One of the greatest gifts I feel like God has given me over the past few months is this renewed ability find humor in the everyday and beauty at surprising intervals. In the first few weeks following my discovery of the betrayal, I had those crushing moments and days where I wondered if I would ever be happy again. Lately, I have found my eyes and soul open and vulnerable, which has allowed me to see, hear, and feel more acutely, both in grief and beauty.
A few weeks ago, I stood at my kitchen at nearly midnight getting ready to finish shampooing my carpets (a monthly process in a home with 2 boys, 2 large dogs, and 2 cats). I had just made up a batch of carpet shampoo from some Pinterest recipe. I had run upstairs to grab my machine and stood in the kitchen looking at something on my phone when suddenly there is a loud “pop” and I found myself showered in bubbles. Looking around my kitchen there were bubbles dangling from the ceiling, the television, a framed picture and myself. Apparently, my homemade shampoo and continued to bubble up after I put the lid on until the pressure caused an eruption. My first instinct was to cry in annoyance knowing that more time had just been added to my day before I could curl up in bed. Then suddenly I found myself laughing this deep belly laugh over the humor of standing in my kitchen at midnight covered in bubbles.
Before the boys came home from Ethiopia, I used to enjoy sewing. After jumping off the high dive into parenting 4 & 5-year-old boys, I was just happy if I got laundry done and the kitchen cleaned. Now that they are older and help around the house and are more self-sufficient, I have begun doing things I enjoy again. One morning in May, I woke up and knew I wanted to start creating beautiful things again and I decided to start by making a baby quilt for my very first niece. For the past 6 weeks, I have been spending free moments listening to audio books and sewing. I finished it last week and I love it more than I imagined. This week the quilt will make a journey to the Midwest awaiting the arrival of its’ owner. Next up, aprons for a tribe of amazing women who have held me up during this time!
One of my favorite workout programs is this funny one called, “Sh’Bam” by Les Mills. It is just a mixture of dancing to different songs. For those of you that know me, you might remember that my dancing skills leave something to be desired. Someone recently compared it to Elaine on Seinfeld, which, admittedly, I had to look up. So, this program, allows me to perfect my dancing moves in the privacy of my home. However, lately my newly found dancing skills like to just randomly appear, most notably when our ER ambulance phone rings with “Danger Zone”. So, yes, that crazy nurse dancing to “Danger Zone” in the middle of the ER is me…I apologize for the traumatizing image.
Just two days ago, Bolt and I were driving home from Karate when I we passed some green hydrangea flowers. I began talking to Bolt about how, in a few weeks, those flowers would turn purple or blue or pink or white, dependent on the variety and the acidity of the soil. He began peppering me with questions and then started asking if unusual colors were possible.

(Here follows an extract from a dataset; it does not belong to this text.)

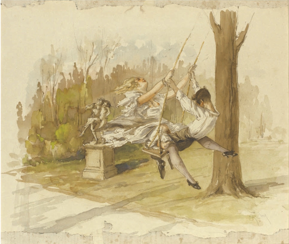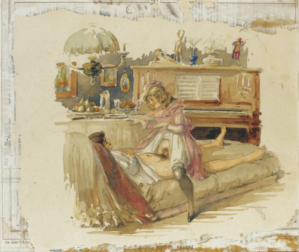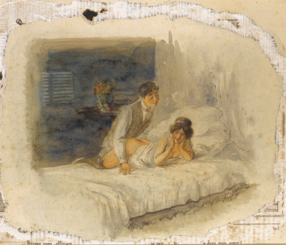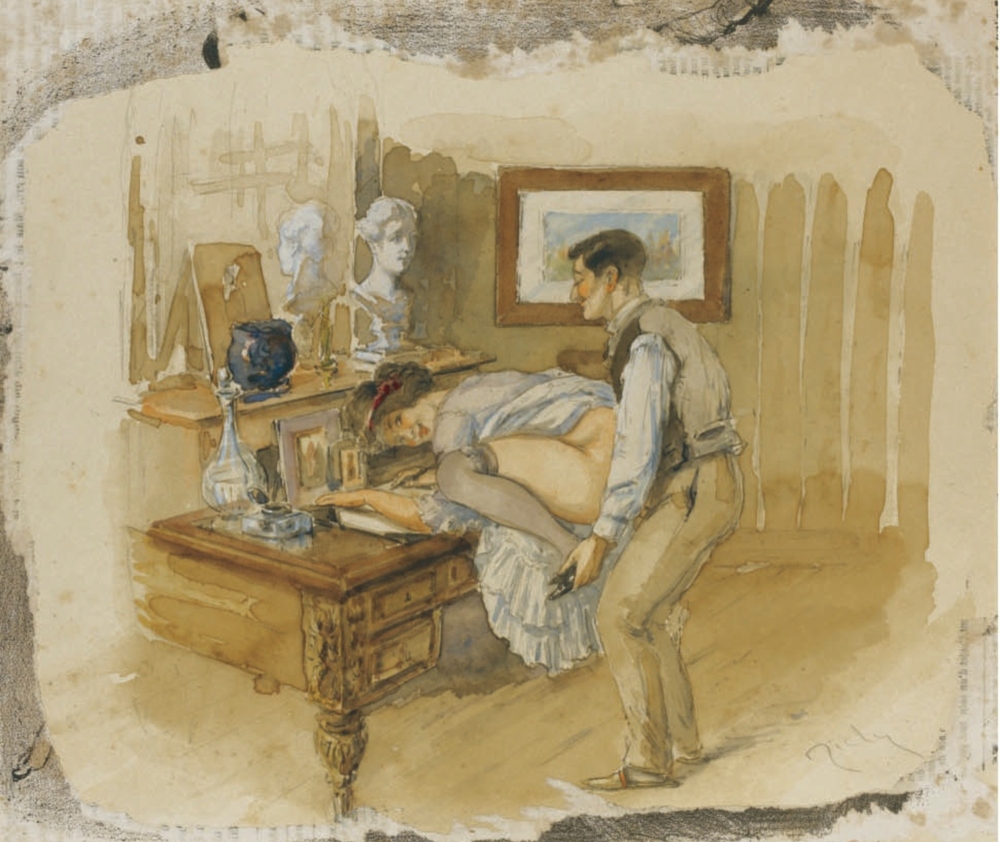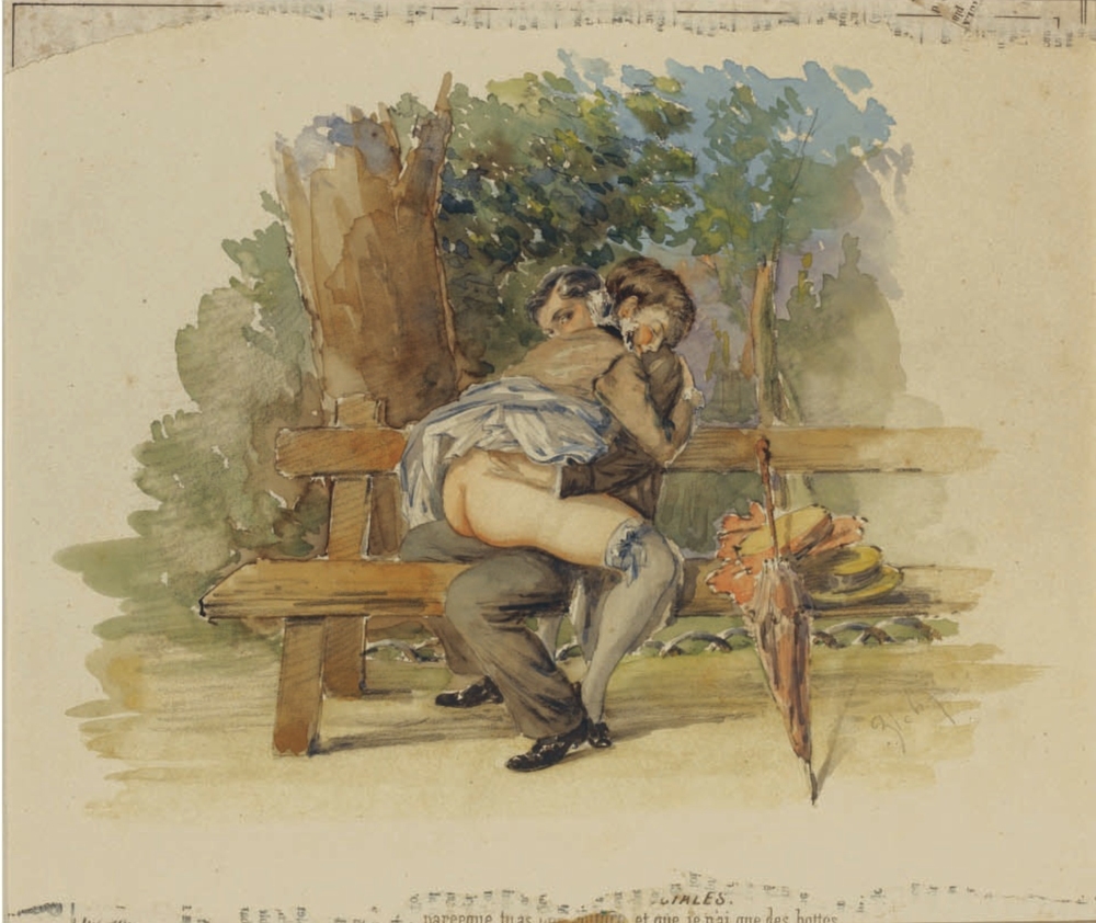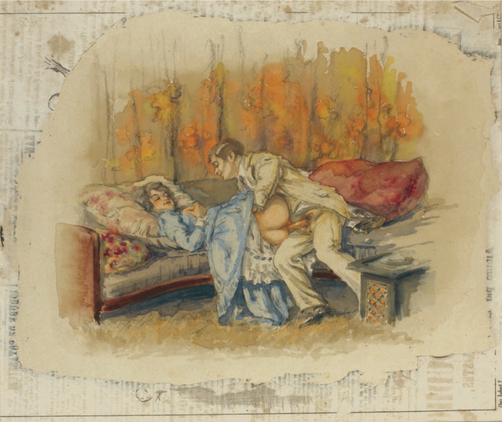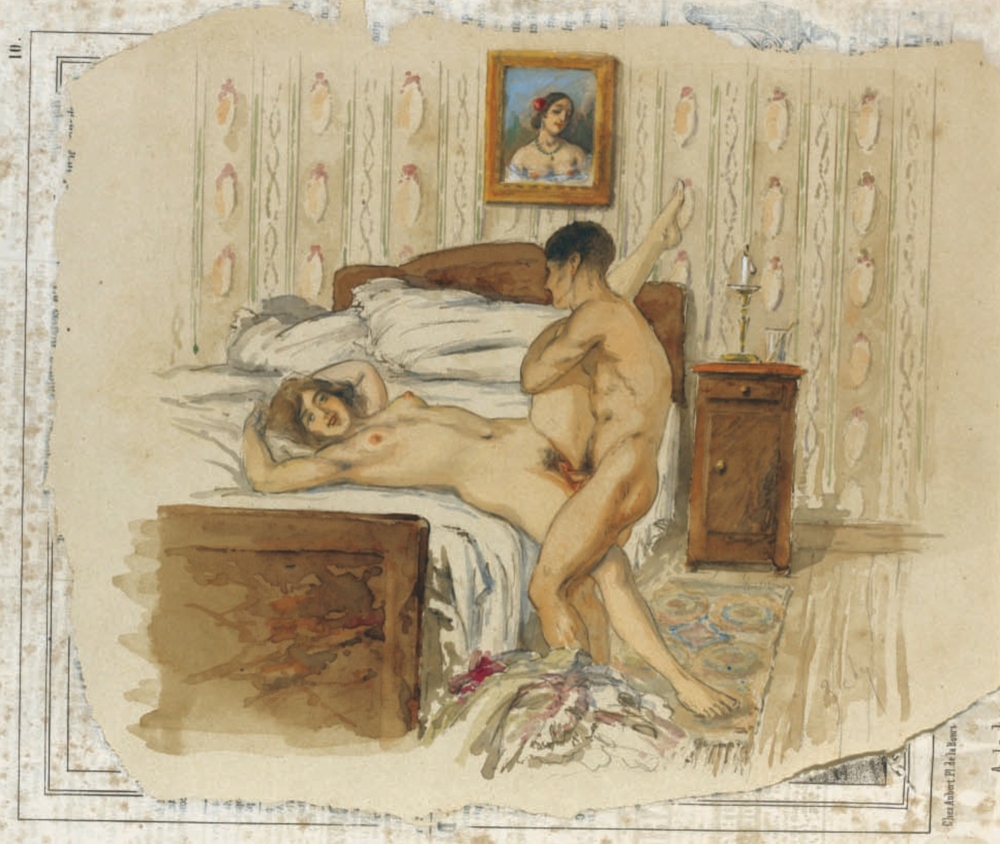 Au fil de mes recherches sur le net, je suis tombée sur cette série sur le site de Sotheby, qui ne se mouille pas trop sur son authenticité en parlant de « Cercle du Comte Mihály Zichy ». Le style est assez différent et il n’est en effet pas dit que toutes les planches soient de Mihály Zichy, même s’il y a une forme d’unité, notamment avec ce collage sur du carton qui serait peut-être le reste d’une astuce pour dissimuler ces images plus que scandaleuses pour l’époque. Certaines aquarelles sont signées, d’autres ne comportent qu’une initiale, d’autres encore rien du tout. Cette série intitulée Souvenirs de jeunesse date de quelque part entre 1874 et 1879, soit toujours la période à laquelle Mihály Zichy menait encore la vie parisienne. Olé olé.

Suddenly, red and blue flashed in my rearview mirror and I pulled to the side of the road and a police officer pulled up behind me. Apparently, in my discussion over hydrangeas, I had not been paying attention to my speed. As we sat there waiting for the officer to run my information, I felt myself becoming overwhelmed and then upset as hydrangeas were the featured flower at my wedding. I began to feel the familiar anger with my ex-husband emerge as I thought how he had stolen my love for those flowers (and how, obviously, he would somehow be responsible for my ticket). Then, I looked up out of my car window, and right in front of me were a group of hydrangeas in full bloom and in my favorite periwinkle color. I looked at the blooms and began laughing hysterically at the irony. When I finished laughing, I looked at the flowers again and realized, they are still one of my favorite flowers, despite the painful association. The officer came back to my car and gave me a warning, and I drove home thinking about the comedy of the whole situation
When I was in the “depths of despair” (to quote my favorite heroine, Anne Shirley), grief threatened to steal my joy. It has been a conscious process on my part to not constantly wallow in pity, but to embrace the entire rainbow of my emotional healing. God has been faithful to provide opportunities for me to grieve, but also for me to experience laughter and joy and beauty again.